We provide for each run a simulation.hdf5 file, which uses HDF5 virtual datasets (available from version 1.10 onward) to hide the subdivision of some output files in chunks. The simulation.hdf5 file contains a virtual unchunked version of snapshots, group and subhalo catalogs, offset files and Cartesian outputs. For this to work, the original (chunked) data has to be downloaded and place within the same relative directory structure as in the public THESAN data release folder.

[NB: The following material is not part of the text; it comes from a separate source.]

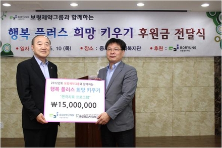 (사진설명 : 10일 종로종합사회복지관에서 진행된 ‘행복 플러스 희망 키우기’ 개강식에서 보령중보재단 조생현 상임이사(사진 좌)가 종로종합사회복지관 이재원 관장(사진 우)에게 프로그램 사업비 전달하고 있다) - 종로, 안산지역 아동들에게 비타민 및 연극을 통한 심리케어 프로그램 지원 - 사회적, 심리적 적응력을 기르고, 정서적 안정과 육체적 건강에도 도움 보령제약그룹 사회복지재단 보령중보재단(이사장 김승호)이 가정의 달인 5월을 맞아 지역 아동들을 위한 건강 케어 지원사업을 펼친다. 보령중보재단은 보령제약그룹이 자리잡고 있는 종로와 안산지역 아동들을 위한 지원사업을 지속적으로 진행해 오고 있다. 올해는 건강을 책임지는 토탈헬스케어기업으로서 지역 아동들의 건강을 위해 보령수앤수의 ‘비타브라보 레몬맛’ 비타민을 종로구 12개 지역아동센터 아동 260명과 경기도 내 다문화가정 아동들이 다니는 지역아동센터 8개소 190명, 총 450명의 어린이들에게 선물했다. 보령중보재단은 이번 지원을 시작으로 지역아동들에게 지속적으로 비타민을 지원 할 계획이다. 또한 종로종합사회복지관(관장 이재원)과 공동으로 연극을 통해 아이들의 정서발달과 심리적 안정감을 찾아주는 ‘행복 플러스 희망 키우기’ 프로그램도 진행한다. 보령중보재단은 프로그램 진행을 위한 사업비 1,500만원 전액을 지원한다. 연극을 통한 심리케어 프로그램인 ‘행복 플러스 희망 키우기’ 는 참여 아이들이 연극공연을 보고, 직접 배우가 되어 연극을 해보면서 정서적 안정과 창의성, 표현력을 높여 사회적, 심리적 적응력을 기르고, 육체적 건강도 함께 성장시킬 수 있도록 한 프로그램이다. 보령중보재단 조생현 상임이사는 “우리의 미래를 이끌고 나갈 어린이들의 건강은 그 무엇보다 중요하다”고 말하고 “단순한 경제적 지원보다는 아동들에게 육체적 건강과 정서적 안정에 직접적으로 도움이 될 수 있는 프로그램을 지속적으로 지원하는 것”이라고 말했다. -

The simulation.hdf5 file contains the following HDF5 groups:

Attribute Description
Cartesians Contains the virtual datasets of the Cartesian outputs. Each output is stored as a subgroup with name equal to its number (e.g. 0, 1, ..., 400, no zero-padding). Within each subgroup there is a Header group and virtual dataset replicating those found in the original files.
Config Empty group that stores, as attributes, the configuration flags used to run the simulation.
Groups Contains the virtual datasets of the halo and subhalo catalogs. Each (unchunked) catalog is stored as a subgroup with name equal to its number (e.g. 0, 1, ..., 80, no zero-padding). Within each subgroup, the structure of the corresponding halo and subhalo catalog (including the division in a Group and a Subhalo sub-groups) is replicated.
Header Empty group that stores, as attributes, information about the simulation common to all other files (e.g. BoxSize, etc.)
Offsets Contains the virtual datasets of the offset files. Each offset file is stored as a subgroup with name equal to its number (e.g. 0, 1, ..., 80, no zero-padding). Within each subgroup, the structure of the corresponding offset file is replicated.
Parameters Empty group that stores, as attributes, the parameeters used to run the simulation.
Snapshots Contains the virtual datasets of the Snapshots. Each (unchunked) snapshot is stored as a subgroup with name equal to its number (e.g. 0, 1, ..., 80, no zero-padding). Within each subgroup, the structure of the corresponding snapshot is reproduced.
Using this file, it is then possible to access datasets as if they were fully contained in a single HDF5 file. For example, it is possible to do the following:
import h5py

cartesian_output_number = 230
cartesian_output_field_name = 'Density'

with h5py.File("simulation.hdf5", 'r') as simfile:
    density_cartesian = simfile[f'Cartesians/{cartesian_output_number}/{cartesian_output_field_name}'].copy()
and completely ignore the fact that the different parts of the Density field reside in different chunks of the Cartesian output.